I believe the candle had been lit but it didn't burn for very long. Perhaps if was just a memorial. I did not recognize the name of the person on it but not being from the South perhaps it was somebody important.


----------



## dave the dead (Jan 31, 2007)

November 2nd was 'Day of the Dead', which is celebrated with memorials and remembrances of the departed. Perhaps it was just that, and not some crazy zombie/voodoo ritual thing.


----------



## Dr Morbius (Sep 21, 2004)

He must have been a gin swilling coin collecting fisherman who grew flowers by candlelight.


----------



## tuck (Oct 27, 2007)

dave the dead said:


> November 2nd was 'Day of the Dead', which is celebrated with memorials and remembrances of the departed. Perhaps it was just that, and not some crazy zombie/voodoo ritual thing.

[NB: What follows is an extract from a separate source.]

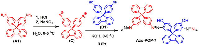 然而,目前報道的大部分有機多孔聚合物不熔融不溶解,一定程度上限制了其進一步應(yīng)用。因此,從分子鏈的扭曲構(gòu)象出發(fā),以“逆合成”的思路選擇合適的聚合物單體和高效的聚合反應(yīng),制備新型的可溶性有機多孔聚合物材料,對推進有機多孔聚合物材料領(lǐng)域的研究具有重要意義,也成為一個研究熱點。最近,黃木華課題組利用重氮偶聯(lián)反應(yīng),從具有扭曲構(gòu)象的9,9-二(4-羥基苯基)芴和9,9-二(4-胺基苯基)芴單體出發(fā),實現(xiàn)了偶氮鍵鏈接的可溶性有機多孔聚合物材料Azo-POP-7的快速制備(圖1)。
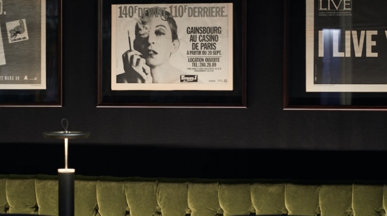 Café and piano bar, in homage to the places where Serge Gainsbourg performed at the start of his career, the decor of Gainsbarre takes up the codes of 5 bis rue de Verneuil, his famous private mansion: walls covered in black, a carpet with patterns of poppies and water lilies and everywhere photographs which remind us both of the career and the aura of the french composer.

Oh yes mi amigo, el dia de los muertos. I forgot all about that, and the cemetery was in a highly mexican populated area. I'm sure that was it.

Thanks for the reminder.


----------



## Haunted Bayou (Feb 16, 2007)

Good catch, Dave! 

I went to a Day of the Dead costume party this year. It was primarily a reason to drink tequila. LOL! Got to eat a few authentic Mexican dishes since this was at my friend's block party in a Mexican neighborhood. It was a nice change from the typical Tex-Mex you get around here.


----------



## Aelwyn (Jul 7, 2008)

That's AWESOME!

Clearly a remembrance ritual. The liquor was likely shared with the dead (the living would drink some, then pour some on the grave). The fish was likely shared, as well. This is usually done in silence, by candlelight.


----------



## Lilly (Jun 13, 2006)

maybe the pot had ice in it to chill the liquor , after he shared fish with the departed by candlelight, they both had a swill and then he threw his 2 cents in.


----------